» **Your goal**
Output the span of lines from the one that contains "GRECERELLE 2025 Women" through the end of the records, inclusive, exactly as written and free of pictures.

------ Task material

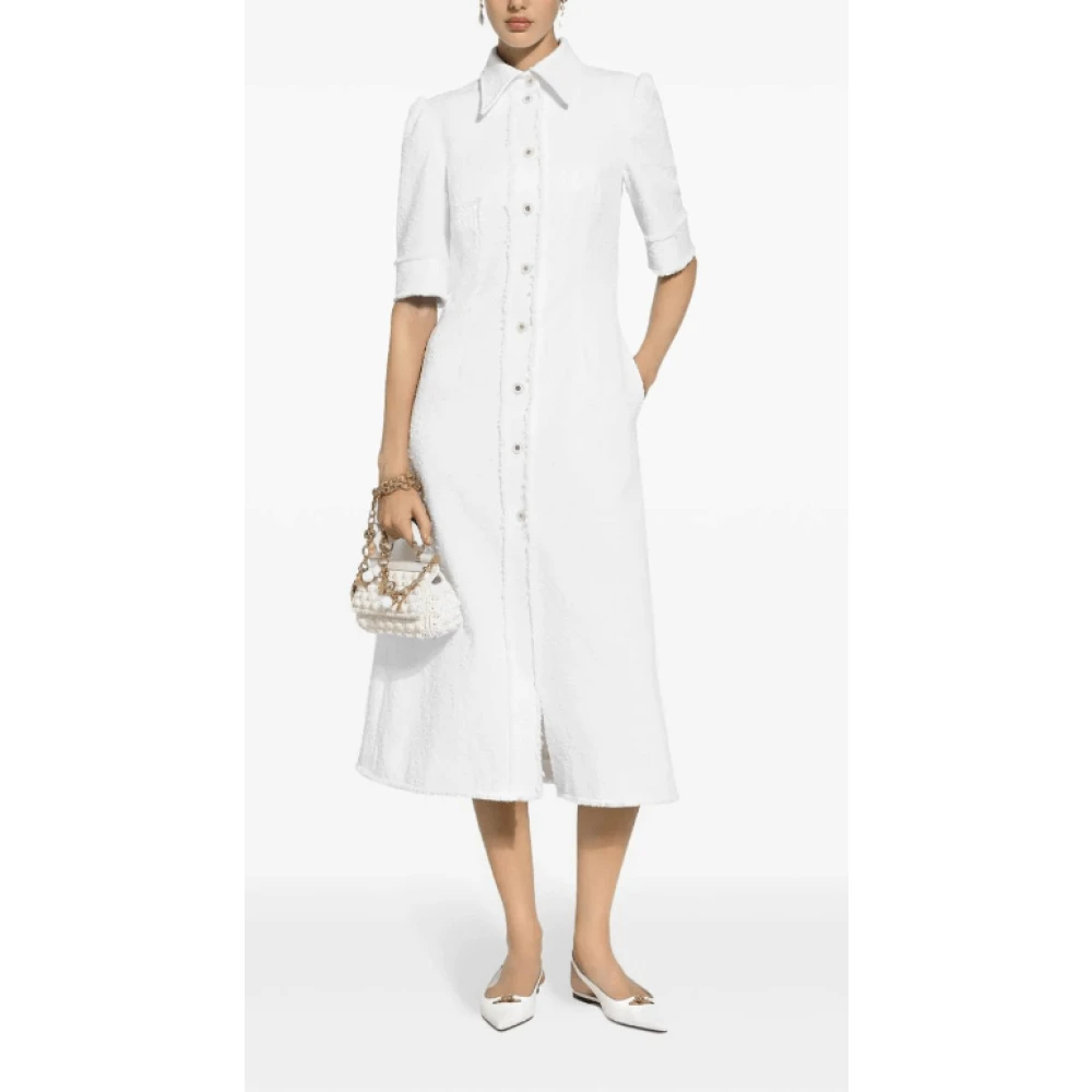 Upgrade je garderobe met deze Dolce & Gabbana overhemdjurk. Gemaakt van een luxueuze zijde-katoenmix tweed in het wit, heeft het een rechte kraag, knoopsluiting aan de voorkant, halflange mouwen en een A-lijn rok met een rechte zoom op middellange lengte. Stofsamenstelling: Buitenkant - Katoen 80%, Vlas 15%, Nylon 5%. Voering - Zijde 92%, Elastaan 8%.
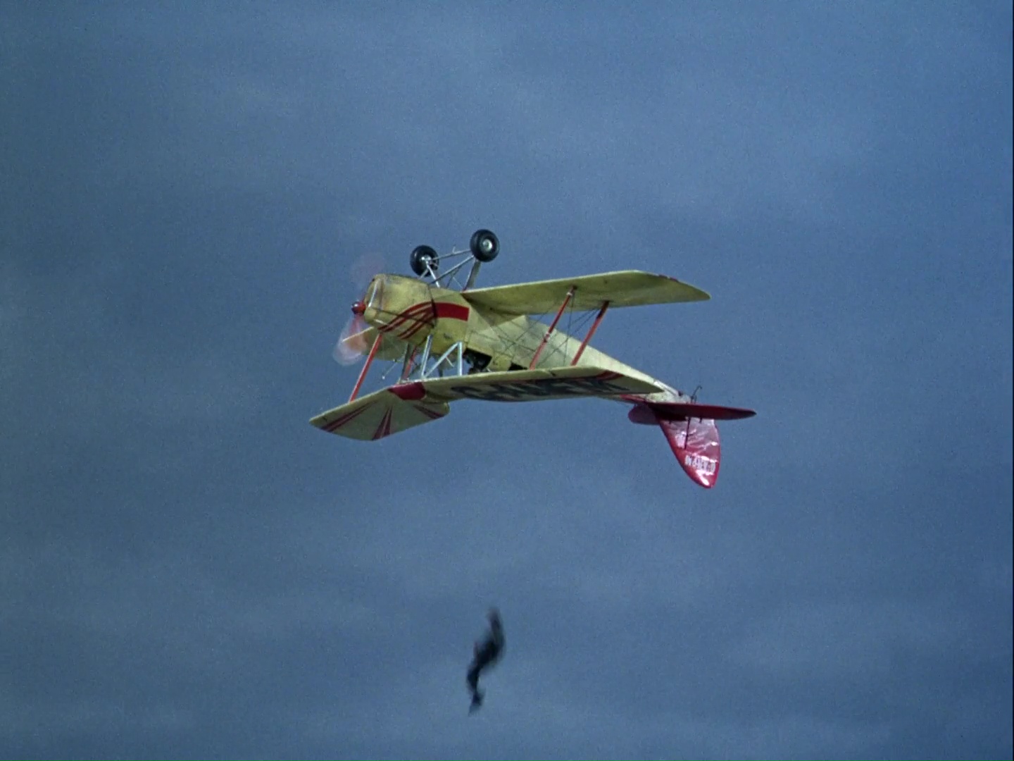 As the plane flips over, take a close look at the top left corner of the frame. A face of one of the crew has popped up in the shot, clear as day. I hope he gets royalties. This shatters the illusion that the plane is spinning since I doubt any member of the Century 21 team could defy the laws of gravity. The camera is presumably the thing doing all the tilting.
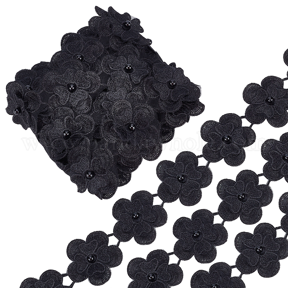 • Черный Полиэфирная лента, с бисером, цветок, чёрные, 1-7/8 дюйм (49 мм)
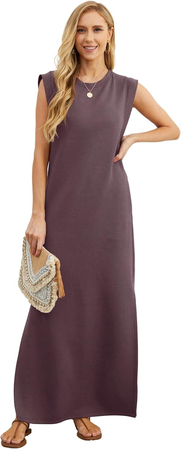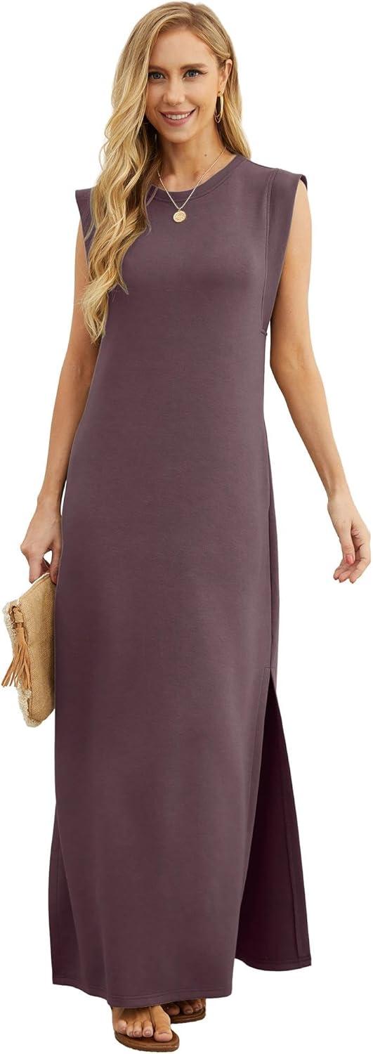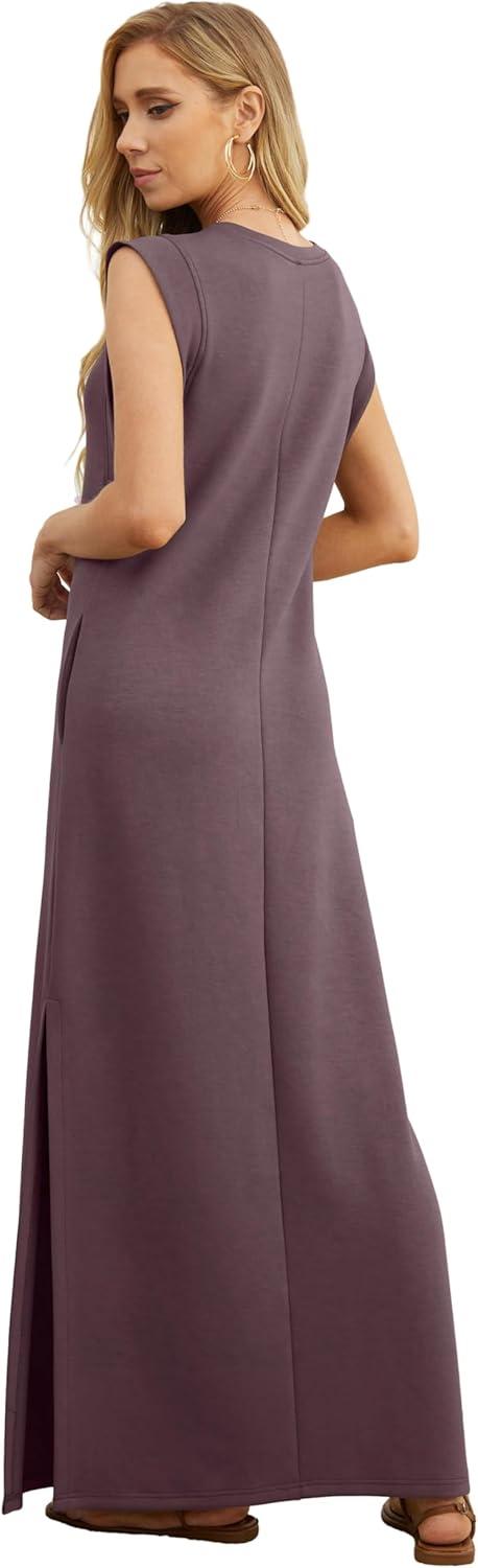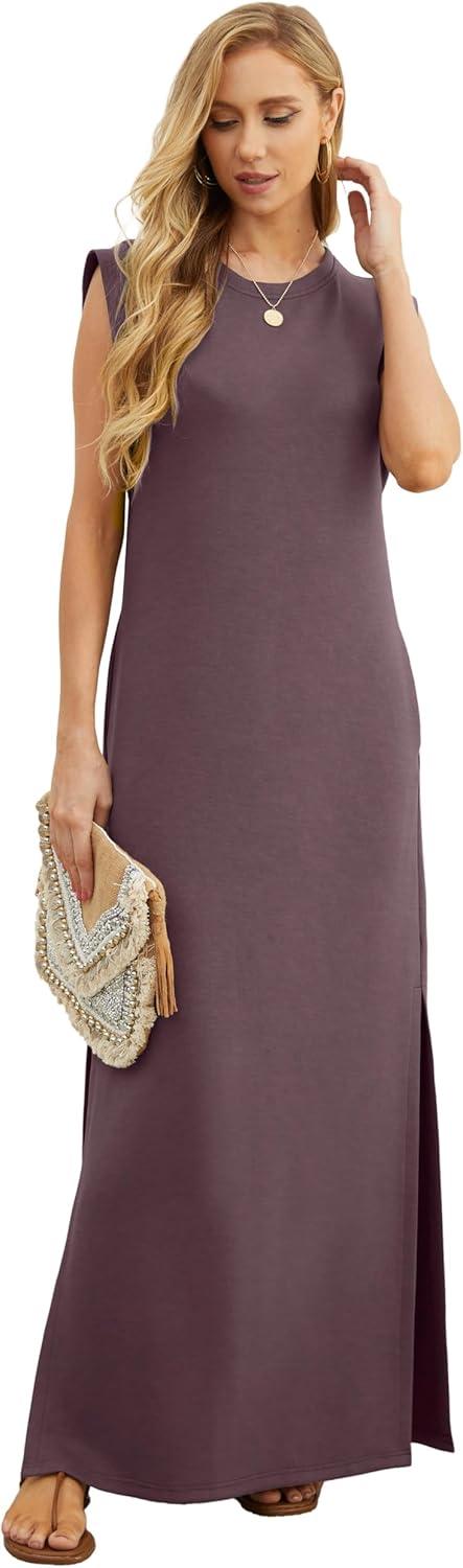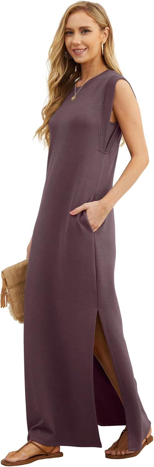 GRECERELLE 2025 Women Year-Round Casual Round Neck Loose Split Wrinkle-Free Long Maxi Vacation Dress with Pockets (XS-3XL)(Rosewood)
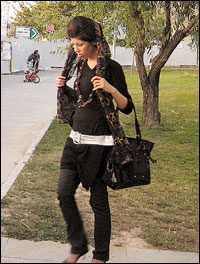 ما إن تعبر نسرين وكيميا مركز الحرس عند مدخل أول متنزه مخصص للنساء في طهران حتى تنزعا حجابهما وتفكا أزرار ردائهما الطويل |

------------

» **Response to this exercise**
 GRECERELLE 2025 Women Year-Round Casual Round Neck Loose Split Wrinkle-Free Long Maxi Vacation Dress with Pockets (XS-3XL)(Rosewood)
 ما إن تعبر نسرين وكيميا مركز الحرس عند مدخل أول متنزه مخصص للنساء في طهران حتى تنزعا حجابهما وتفكا أزرار ردائهما الطويل |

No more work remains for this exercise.